Silver modeling of the 2024 race currently reflects that, noting that “we honestly don’t know” who will win.

Silver, in his Times oped introduced a seemingly counterintuitive idea: “It is surprisingly likely that the election will not be a photo finish.”

To that end, he noted that either Trump — whose supporters often have low civic engagement and are harder to track in polls — or Harris — who could benefit from pollsters unknowingly weighing in Trump’s favor — could easily win the election, by aiming for the top. edge of margins of error or beyond.

In fact, he said his model shows a 60 percent chance that one of them will win the Electoral College votes of six of the seven battleground states.

Justin Grimmer, a political scientist at Stanford, raised concerns about election forecasters using probabilistic models in an election campaign interview with the Harvard Graduate School of Arts and Sciences’ Colloquy podcast earlier this month.

“The clearest failure of these predictions is 2016, when the predictions coming out of these models were very confident to moderately confident that Clinton would win,” he said, noting that Silver’s model gave Trump a 28.6 percent gave a significantly greater chance. of winning than other predictors. “Certainly, the consensus view across the models was a Clinton victory.
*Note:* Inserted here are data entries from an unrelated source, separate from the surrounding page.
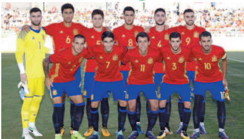
Alineación que presentó España en Tallín.

El Estadio Municipal Cartagonova será de nuevo escenario de un partido de la selección de España Sub-21, conocida como la rojita. Será el 14 de noviembre frente a Eslovaquia jugará y cinco días antes en el Estadio de la Nueva Condomina ante Islandia. Los dos, partidos correspondientes a la tercera y cuarta jornada del Grupo 2 de la Fase de Clasificación para el Campeonato de Europa Sub-21 de Italia y San Marino 2019. Antes del doble compromiso en noviembre en Murcia y Cartagena, la Sub-21, con los primeros tres puntos conseguidos en Tallín frente a Estonia (0-1) en el primer partido de clasificación, se medirá como visitante a Eslovaquia en octubre.
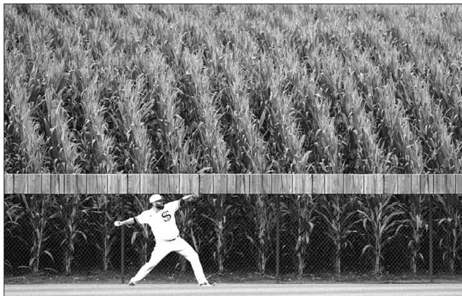
▲ Lance Lynn abrió por los Medias Blancas en el Campo de los Sueños .

Así, los 7 mil 832 espectadores abandonaron el graderío y recorrieron los maizales hasta llegar a sus automóviles. Antes, pre-
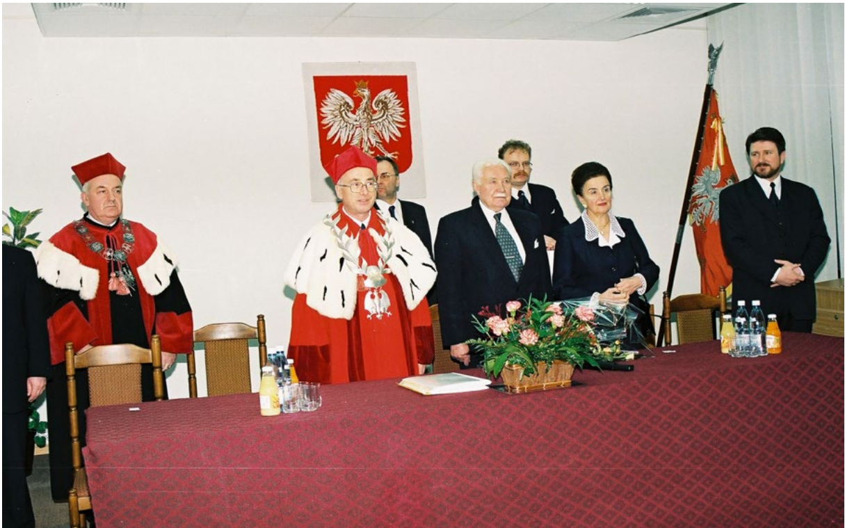
Ryszard Kaczorowski – ostatni Prezydent Rzeczypospolitej na Uchodźstwie z wizytą w UR, 6 marca 2002 r.

tor dwóch kadencji uważa, że „Uniwersytet Rzeszowski odnotował w pierwszym roku działalności szereg ważnych wydarzeń. Niewątpliwie najważniejsze z nich to ustalenie logo uczelni, nadanie jej sztandaru przez samorząd województwa podkarpackiego, pielgrzymka delegacji UR do papieża Jana Pawła II, wybór nowych władz uczelni i wydziałów oraz przyjęcie dokumentów związanych z bieżącym funkcjonowaniem uczelni, takich jak: Statut UR, regulamin studiów, zasady rekrutacji na rok akademicki 2002/2003, założenia decentralizacji finansów oraz utworzenie Uczelnianego Laboratorium Sieci Komputerowej i Oprogramowania. (...) zarówno z przyczyn obiektywnych, jak i subiektywnych dość trudno przebiegał proces scalania trzech odrębnych dotychczas jednostek organizacyjnych w jedną całość. Przyczyny obiektywne to wspomniane już usterki ustawy, zaś subiektywne wynikały z przywiązania pracow-
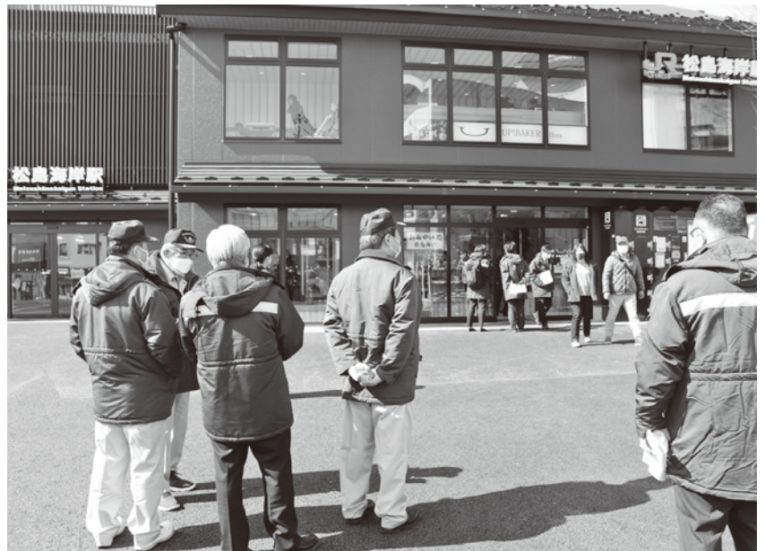
松島海岸駅（現地調査時のもの）
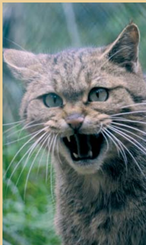
Chat sauvage du parc animalier de Thale

Le théâtre de montagne du Harz (Harzer Bergtheater), situé dans une gorge qui s'ouvre vers le nord-est, est une attraction très particulière. Son fondateur, Ernst Wachler, le fit édifier en 1903 sur le modèle des amphithéâtres grecs. Si vous souhaitez assister à une représentation théâtrale, nous vous recommandons d'être sur place suffisamment tôt pour apprécier le grandiose panorama de l'avant-pays du massif du Harz avant de vous tourner vers la scène.
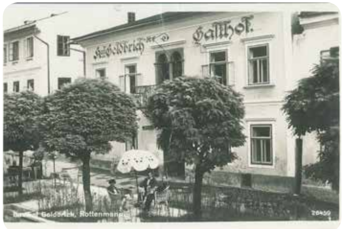
Karl Goldbrichs Gasthof um 1930 mit dem umgestalteten Gastgarten
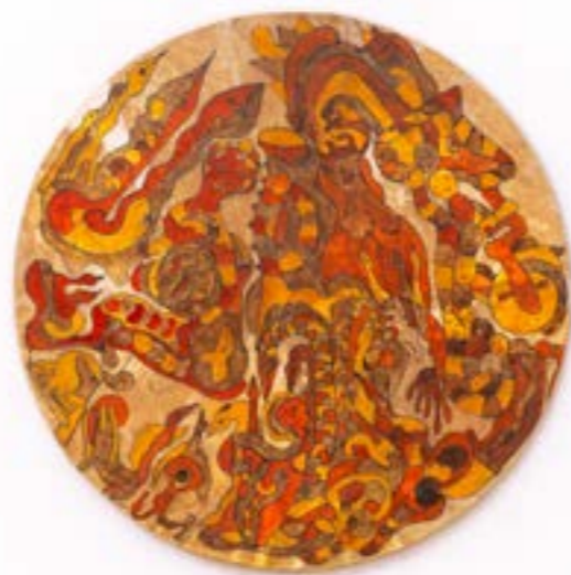
Apparition I , 2017 Acrylique sur peau de mouton, ø : 70 cm
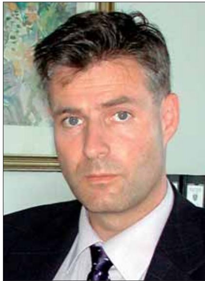
BVT-Direktor Gert Rene Polli: „Das Hauptaugenmerk der Arbeit des Amtes wird weiterhin die Verhinderung des politisch motivierten Extremismus sein.“

Rechtsextremismus. Der organisierte und nicht organisierte Rechtsextremismus stellt nach wie vor keine Gefahr für die Stabilität und Sicherheit des demokratischen Systems Österreichs dar. Wie in den vergangenen Jahren war der Rechtsextremismus in Österreich im Jahr 2004 von den Agitationen des
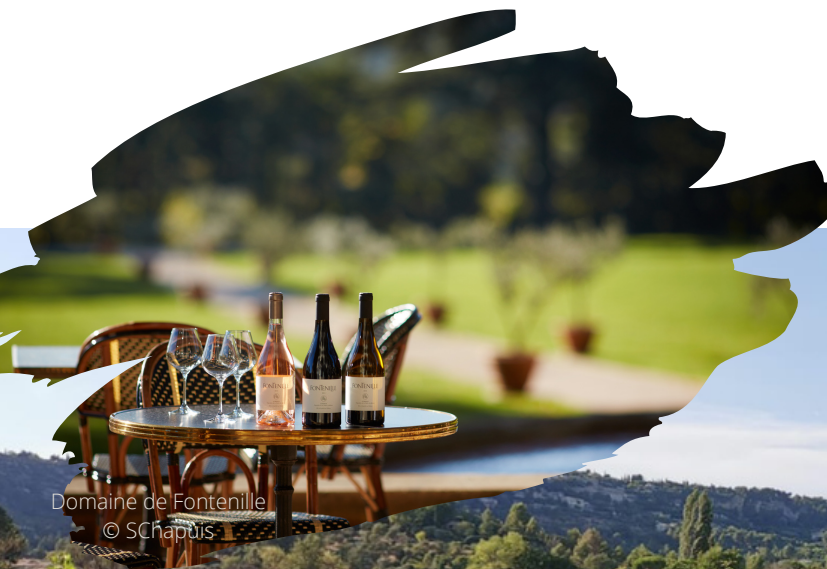
Domaine de Fontenille

Una volta sul posto, cinque sentieri tra le vigne con una percorrenza che varia dai 20 minuti ad 1 ora e mezza vi permettono di immergervi più a lungo in questo mondo del vino.

And that didn’t happen. And so they got that election fundamentally wrong. When we think about harm, it’s interesting to think about how these models are consumed by the public.”

Grimmer said many news organizations turned to forecasts after 2008 and 2012, when Silver correctly predicted Barack Obama’s election victories in most states, realizing it could fuel the need for content.

“It turns out it’s a nice summary of what could happen,” he said. “And of course it produces many stories. If the chance of a candidate winning an election goes from 55 to 50 percent, that might be a whole cycle of stories about what happened, why that chance changed and what might have caused it.”